L'intelligenza artificiale non è più una promessa del domani: è già qui, oggi, e sta cambiando profondamente il modo in cui lavoriamo. A dimostrarlo è stata la puntata più recente di PresaDiretta, il programma d'inchiesta condotto da Riccardo Iacona su Rai 3, che ha acceso i riflettori sulla realtà concreta di questa rivoluzione tecnologica ancora in corso.

Il servizio ha mostrato come le redazioni stanno gradualmente trasformandosi in spazi ibridi dove giornalisti umani convivono con sistemi automatizzati, mentre nelle fabbriche i robot compiono operazioni sempre più sofisticate, relegando l'intervento umano a compiti marginali. Questi cambiamenti, che fino a pochi anni fa sembravano fantascientifici, sono ormai realtà consolidate nei principali settori produttivi e informativi.

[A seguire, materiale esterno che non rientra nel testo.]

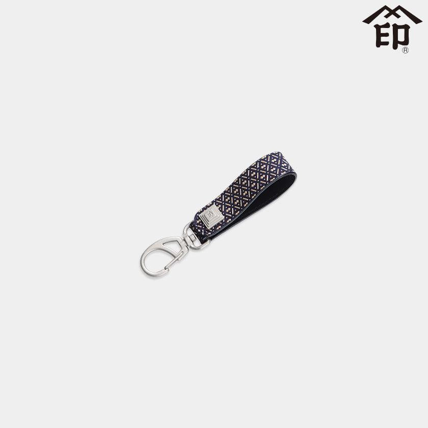 紺地に白漆で瓢箪柄を描いたキーホルダーは、ホック留め仕様で、ベルトやバッグなどにしっかり取り付け可能。
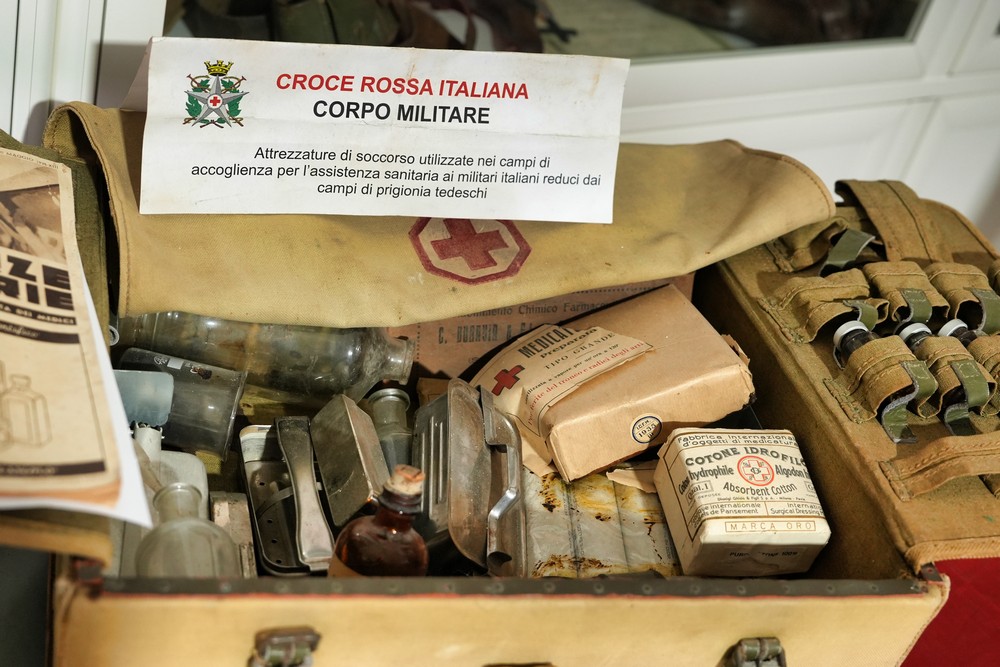 Il museo espone anche una varietà di altri oggetti, tra cui telegrafi, una radio d’epoca, moschetti e baionette della Prima Guerra Mondiale, medaglie al valore e persino una valigia di soccorso con un manuale di chirurgia d’urgenza, che evidenzia le difficili e crude condizioni affrontate al fronte.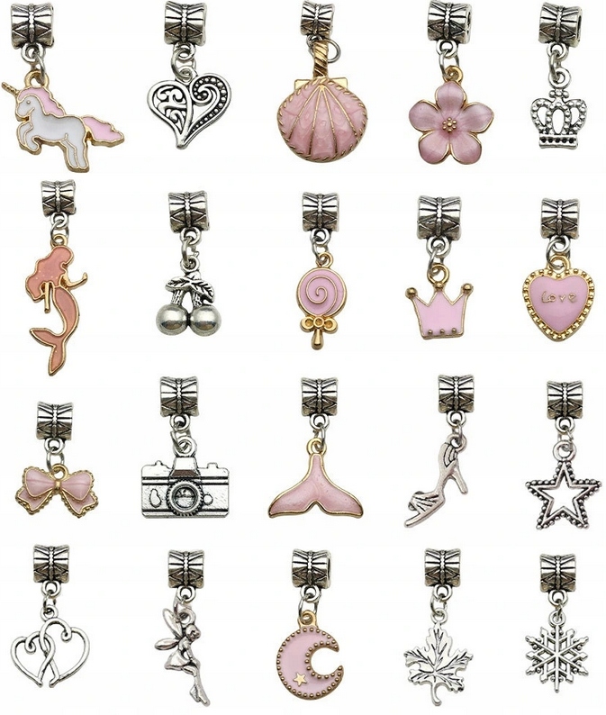- 20 бусин Пандора из сплава, в том числе 5 раскрашенных вручную.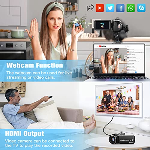【WLAN Verbindung und Fernbedienung】Der Wifi-Camcorder kann mit der Handy-APP verbunden werden und die „DV Cam“ App auf das Handy herunterladen, um die Echtzeit-Fernsteuerung der Kamera durch das Handy zu realisieren. Sie können eine Vorschau des Albums auf Ihrem Telefon anzeigen, die Kamera zum Aufnehmen von Bildern und Videoaufnahmen steuern und Bilder und Videos zur Speicherung auf Ihr Telefon herunterladen. Teilen Sie Ihr gutes Leben in sozialen Medien wie Facebook und YouTube.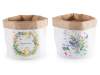 Cestini in stoffa con decorazioni floreali e interno in juta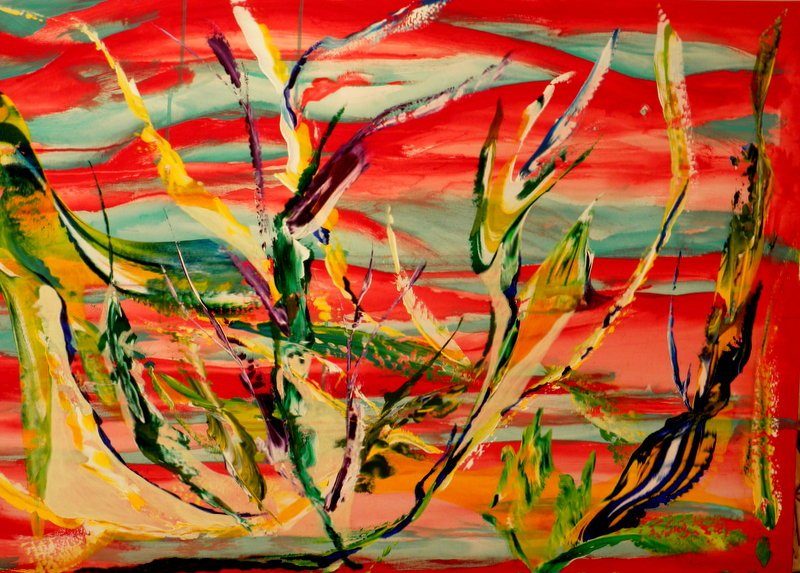 Een globale impressie van het schilderij "Rood riet" 120x80cm.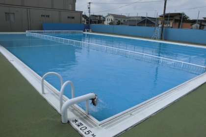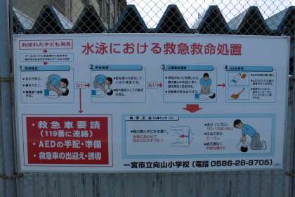 プールに水を入れ、ろ過機を回していつでも泳げるよう準備が完了しました。今年度、救急救命法の手順を示した看板を作り、設置しました。子どもたちが安全に、事故のないよう万全を期して指導に当たりたいと思います。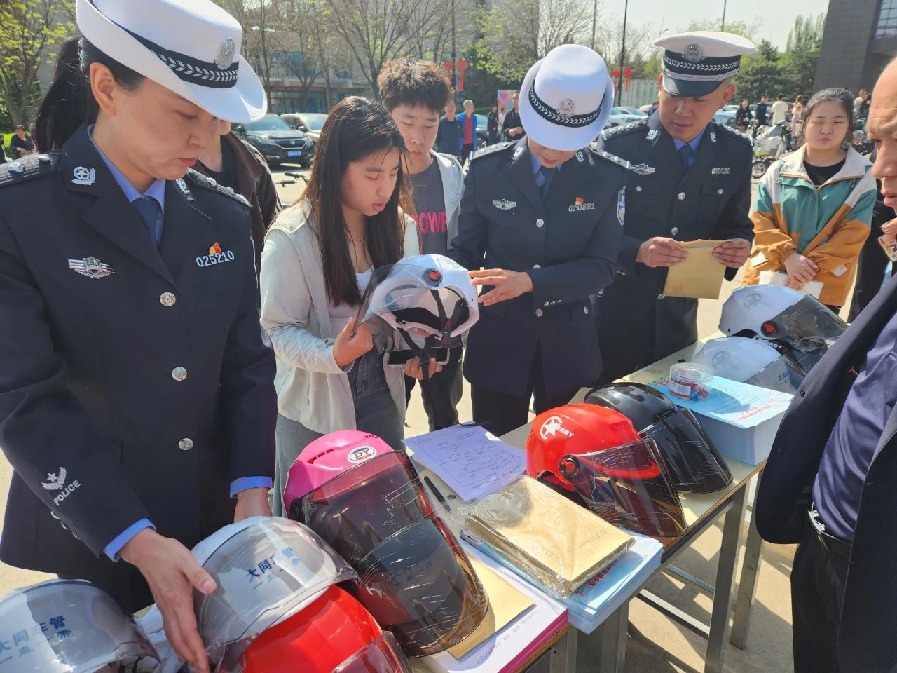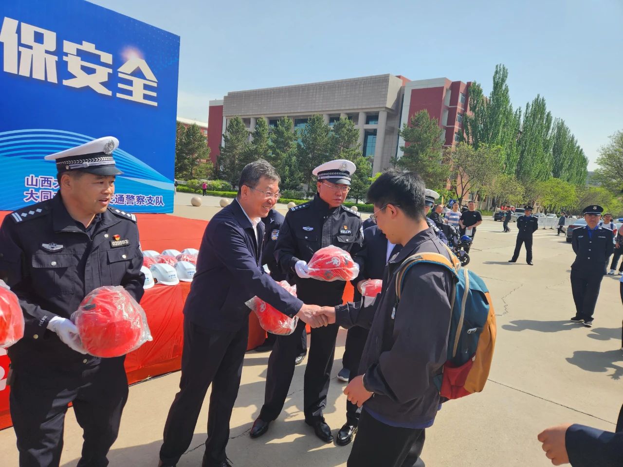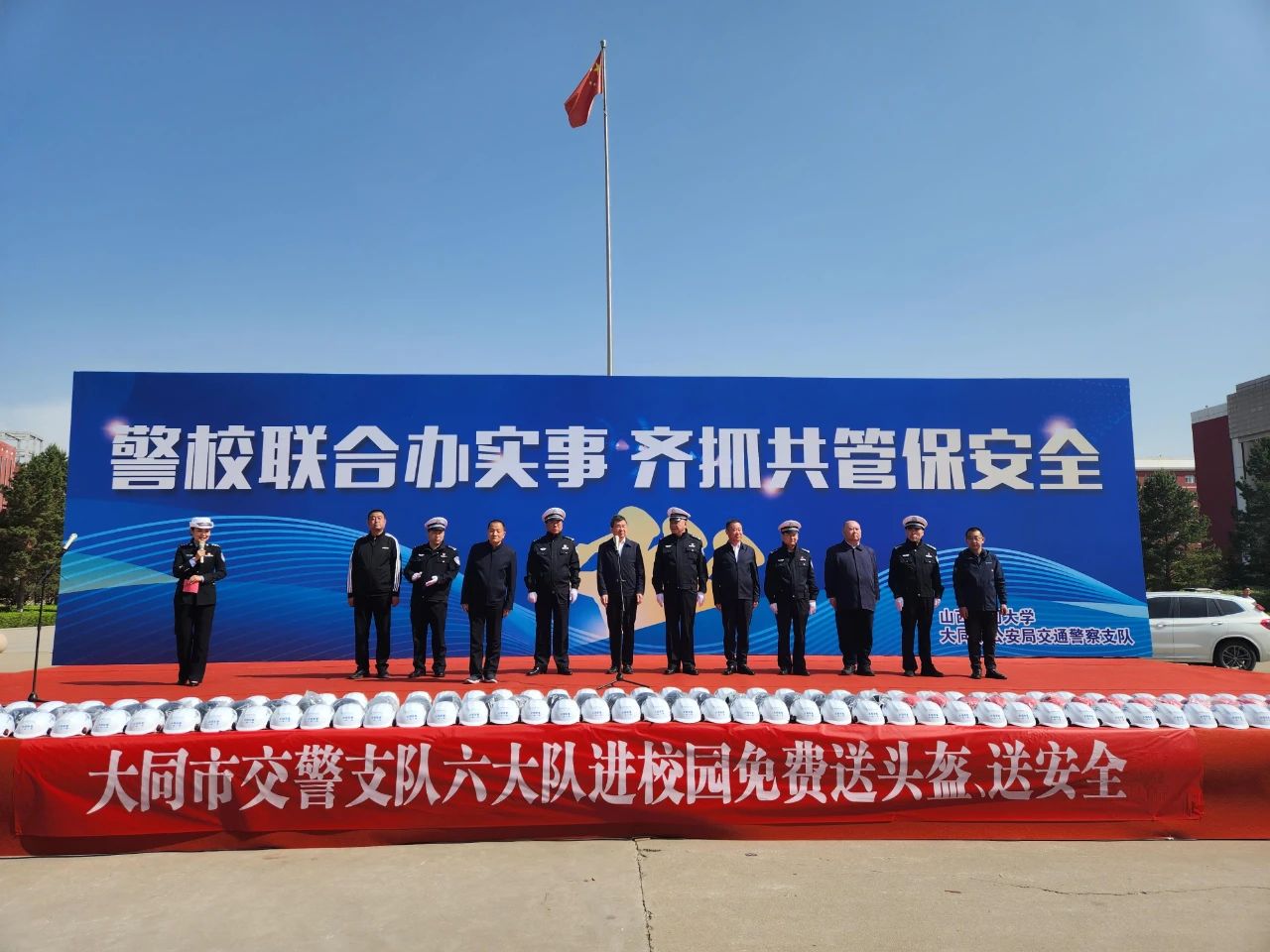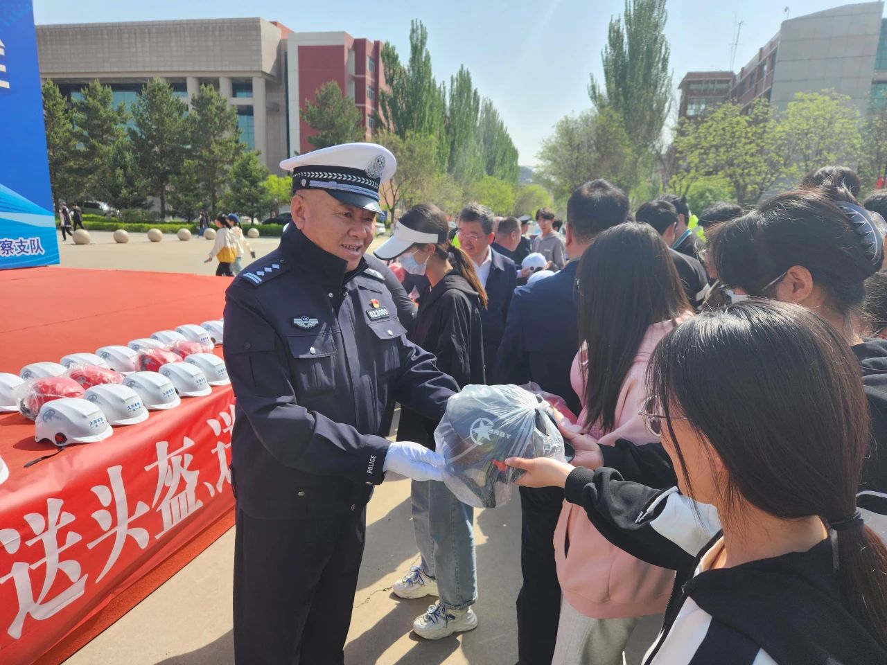 2023年5月12日上午,山西省大同市公安局交警支队携手山西大同大学开展“警校联合办实事 齐抓共管保安全”主题宣传活动,现场为广大师生免费送头盔、送安全知识,为符合条件的电动自行车登记牌照。山西大同大学党委常委、副校长张旻,交警支队党委副书记、政委王栋,交警支队副支队长张世忠参加送头盔仪式,学校教职员工、大学生和交警代表共200余人参加活动。

Ma dietro questa apparente efficienza si cela un aspetto raramente discusso: il costo energetico mostruoso richiesto per alimentare questi sistemi di intelligenza artificiale. L'inchiesta ha messo in luce come la rivoluzione IA comporti consumi di energia elettrica sproporzionati, un aspetto che rimane largamente ignorato dal dibattito pubblico e dalle stesse aziende che beneficiano di questa tecnologia.

La trasmissione rappresenta un importante contributo al dibattito nazionale sulla trasformazione digitale, offrendo una prospettiva critica che va oltre l'entusiasmo tecnologico per affrontare le vere conseguenze sociali, occupazionali e ambientali di questa transizione inevitabile.